Sinclair's Q1 Revenues Plummet 40%, Ad Revenue Down 17%

As it continues to face challenges with its Diamond Sports Group, Sinclair Broadcast Group -- the second-biggest U.S. owner of TV stations -- witnessed a massive, and expected, 40% decline in first-quarter revenues to $773 million.

Taking out the local sports unit -- the largest business of regional sports networks, which filed Chapter 11 bankruptcy in March -- the TV station-group saw revenue sinking 7%, down from $831 million.

Overall advertising revenue was down 17% to $309 million due to issues around its Diamond Sports Group as well as the lack of political advertising, which the midterm elections typically bring.

Core advertising -- without political advertising -- was pushed down by 14%. Taking out Diamond Sports, its core TV station group saw a 6% decline in advertising revenue.

Another larger, major area was its declining distribution revenues -- also driven down by sharply lower Diamond Sports Group. Company-wide revenues here were slashed in half to $426 million from $873 million in the year ago period.

Recently, Diamond has had significant issues with making some payments to Major League Baseball and some NBA teams -- some of which have moved to starting up their own over-the-air or streaming services to cater to their local sports market fans.

Diamond has nearly $8 billion in debt. Bankruptcy proceedings could see Diamond becoming a standalone operation, according to the company.

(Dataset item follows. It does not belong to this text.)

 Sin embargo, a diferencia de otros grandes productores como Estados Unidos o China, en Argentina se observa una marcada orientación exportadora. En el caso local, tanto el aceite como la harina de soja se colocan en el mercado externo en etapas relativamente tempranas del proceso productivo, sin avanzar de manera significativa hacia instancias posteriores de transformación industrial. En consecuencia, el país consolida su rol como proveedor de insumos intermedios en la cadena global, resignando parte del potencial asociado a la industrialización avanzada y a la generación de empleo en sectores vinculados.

In 2019, Sinclair purchased the business from Walt Disney for $10.6 billion.

Sinclair’s net income crashed in the period -- down to $185 million versus $2.6 billion in the prior-year business.

In mid-day Wednesday stock market trading, Sinclair’s stock dropped 4% to $18.00. Over the past 12 months, its stock has dropped 23%.

Shoring up its stock, Sinclair announced in its earnings results that it bought back about 3.6 million of its common shares.